### Exercise details
What's wanted here is the full listing below, repeated exactly, with no images in it.

### Information supplied

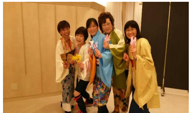
写真3 よさいこいの衣装を着て笑顔いっぱい皆さん。
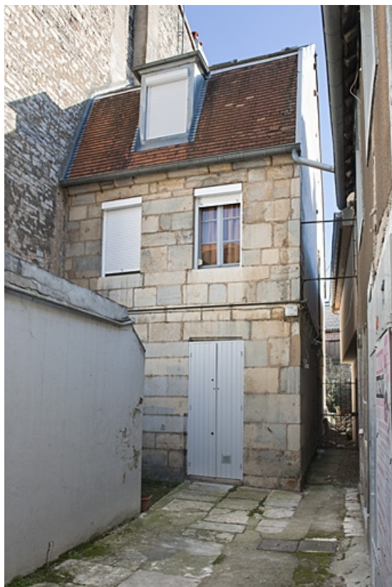
Vue du logis secondaire gauche situé dans la deuxième cour.

25, Besançon, 40, 42 rue Bersot, lieudit : îlot Jean Cornet

### Answer box
写真3 よさいこいの衣装を着て笑顔いっぱい皆さん。
Vue du logis secondaire gauche situé dans la deuxième cour.

25, Besançon, 40, 42 rue Bersot, lieudit : îlot Jean Cornet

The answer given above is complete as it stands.